I also believe the source of the problem is that the Sun-Times has a conservative editorial POV, which doesn't float well in Chicago, a liberal bastion.
The problem with the Sun Times (other than it being a tabloid), is like 99.999% of all periodical publishing in the world, they essentially give their content away for free, or close to free, or even if they limited the amount of stories you can read, enough people do, repost them and you get the news and features anyway.
I truly don't understand a business model where you give your content away for free and expect to turn a profit. Even less, a business model where the content is produced by amateurs, comments from the man on the street and cell phone imagery.
I also don't understand a business model where you cut the talent, the equity out of your product and expect anyone to want to pay for it.
Publishing wants to keep one foot in the creek and one on shore with the expectation of staying dry. It makes no sense.

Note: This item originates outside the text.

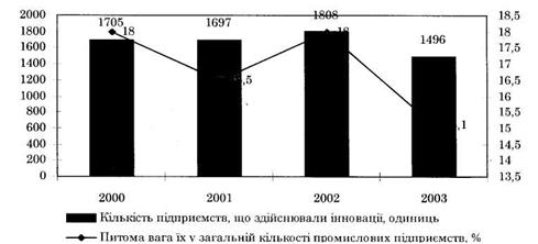 Рис.2. Кількість підприємств, що здійснювали інновації у промислові підприємства у 2000-2003 роках [1]
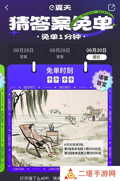 饿了么免单一分钟6.30答案是什么?有许多用户都在问饿了么6.30免单答案是什么,想要知道免单一分钟6.30题目答案怎么解,希望了解饿了么30号免单时间是几点。下面就让菜鸟小编为大家分享,饿了么6月30日免单时间答案解析。

If you don't digitize it, or if you digitize and it takes a full subscription to use any of it, then the links die down and your content will become yours and yours alone to actually sell and make a profit.
http://online.wsj.com/article/SB10001424127887323830404578141561687144972.html#articleTabs%3DvideoMusic, traditional TV, publishing have all rushed to enable a world of for "free" or reduced priced content for the web, thinking that someday somebody might pay them serious money.
That's not a business model for growth.
The advertising world knows that analog dollars once into the digital domain equates to pennies.
I think the only traditional "network" head that understands how to turn a profit today is Les Moonves of CBS.
A long time ago he changed the thought that CBS was an old line network, moved to a content provider and he's dead set on not making a profit from his content.